REPUBLIKA.CO.ID, JAKARTA -- Kementerian Lingkungan Hidup dan Kehutanan (KLHK) menyebutkan kualitas udara di Jakarta masih relatif bagus dari pemantauan yang dilakukan sejak 1 Januari hingga 30 Juni 2019. Data Air Quality Management System (AQMS) di Gelora Bung Karno (GBK) menunjukkan rata-rata harian PM2.5 sebesar 31,49 mikrogram per meter kubik (μg/m3).
Direktur Jenderal Pengendalian Pencemaran dan Kerusakan Lingkungan KLHK Karliansyah mengatakan jika dibandingkan dengan baku mutu udara ambien nasional, yakni 65 μg/m3, kualitas udara di Jakarta masih bagus dan sehat. Apabila dibandingkan dengan standar WHO pada angka 25 μg/m3, ia menyebutkan, kualitas udara di Jakarta juga masuk kategori sedang.
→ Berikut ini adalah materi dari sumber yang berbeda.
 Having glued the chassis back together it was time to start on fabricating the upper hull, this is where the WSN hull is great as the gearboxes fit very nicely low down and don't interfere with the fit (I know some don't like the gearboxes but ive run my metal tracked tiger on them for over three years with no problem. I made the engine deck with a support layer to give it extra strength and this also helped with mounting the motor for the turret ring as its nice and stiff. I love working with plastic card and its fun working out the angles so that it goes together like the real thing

Menurut dia, data 2015-2016 yang ketika itu masih menggunakan pengukuran manual melalui evaluasi kualitas udara perkotaan (EKUP), secara keseluruhan udara Jakarta masih bagus karena masih di bawah ambang batas baku mutu udara ambien. "Jika dilihat per parameter atau per wilayah administrasi maka udara di Kota Jakarta tidak dapat dikatakan makin membaik atau menurun, melainkan relatif konstan," katanya di Jakarta, Jumat (5/7).
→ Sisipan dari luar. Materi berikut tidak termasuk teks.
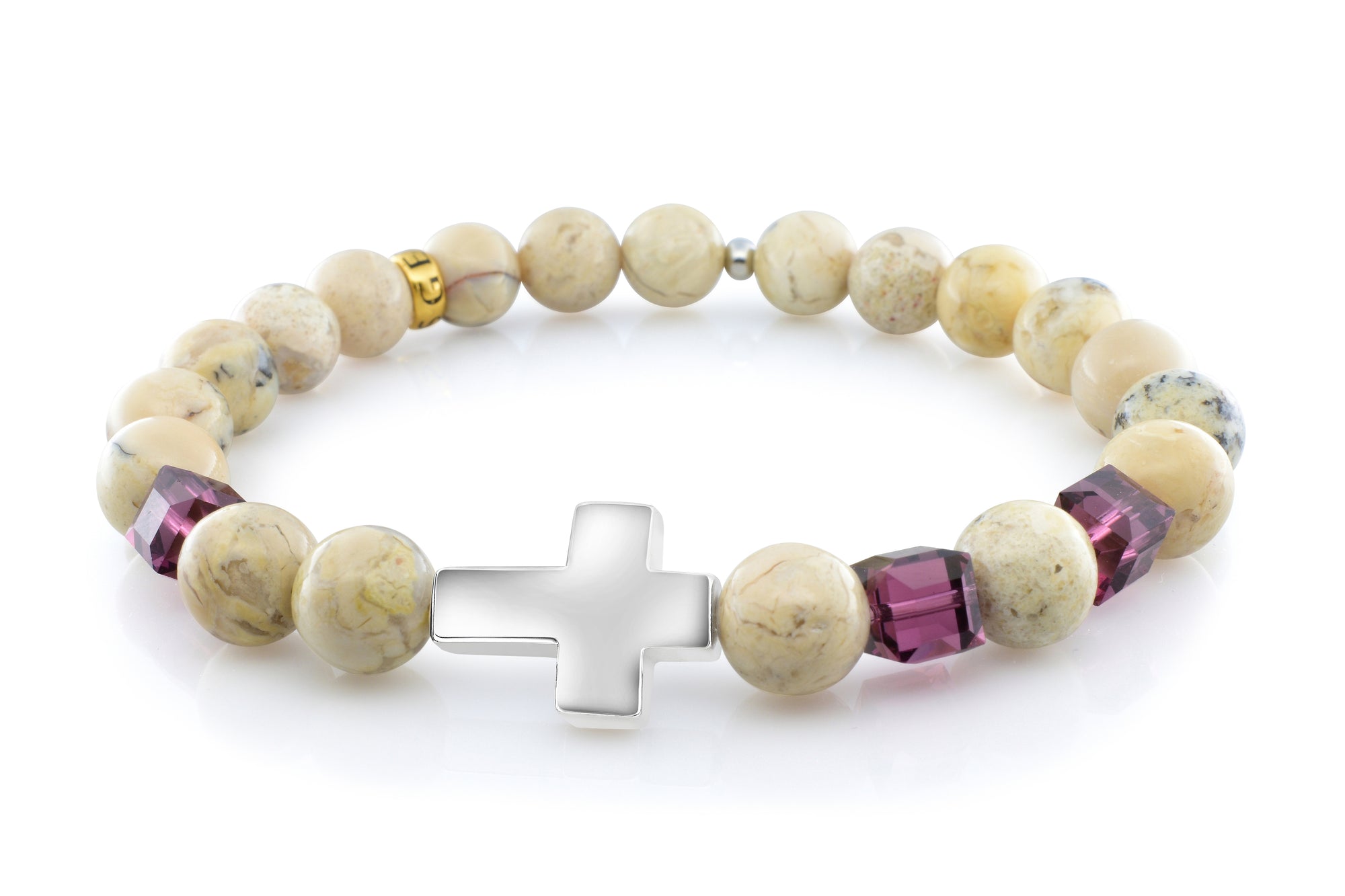 Our February Amethyst African Opal bracelet is completely handmade with natural 8mm African Opal gemstones. This piece is designed around three stunning 6mm Swarovski amethyst crystal cubes and a premium 925 sterling silver cross. Our signature Gemvius 24k gold vermeil spacer is added near the back as a mark of where the piece was created.

Dihitung menggunakan data air visual pada 2017 yang dikelola lembaga swadaya masyarakat (LSM) di Beijing, China, kata dia, kualitas udara Jakarta berdasarkan rata-rata PM2.5 berada pada urutan ke-160, yakni 29,7 μg/m3 atau kategori sedang. Menanggapi adanya gugatan terkait kondisi udara Jakarta yang makin memburuk, Karliansyah menjelaskan penyimpulan dilakukan secara rata-rata.
Karliansyah mengatakan, ada tiga titik selama rentang 19-27 Juni 2019 yang menunjukkan kualitas udara kurang bagus, tetapi datanya harus dilihat secara menyeluruh. "Saya khawatir yang disampaikan itu data sesaat, bukan rata-rata. Kami akui, betul itu, tetapi dirata-ratakan," katanya.
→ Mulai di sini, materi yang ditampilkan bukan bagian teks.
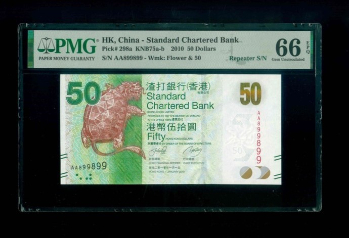 2010 香港渣打銀行 $50 PMG 66 EPQ 編號:AA899899(頭版重複號,頂級雪白)

Sebelumnya, sejumlah individu yang tergabung ibu kota resmi melayangkan gugatan warga negara ke Pengadilan Negeri Jakarta Pusat, Kamis (4/7) guna menuntut hak untuk menikmati udara bersih. Gugatan kepada tujuh tergugat, yakni Presiden, Menteri Lingkungan Hidup dan Kehutanan, Menteri Kesehatan, Menteri Dalam Negeri, Gubernur DKI Jakarta, Gubernur Jawa Barat, dan Gubernur Banten.
Penyampaian gugatan itu melibatkan lintas profesi, mulai dari pengojek, mahasiswa, peneliti, dosen, pengusaha, hingga advokat. "Kami menggugat pemerintah terkait hal-hal yang menyebabkan kerusakan dan pencemaran udara," ujar Juru Kampanye Energi Greenpeace Indonesia Bondan Andriyanu.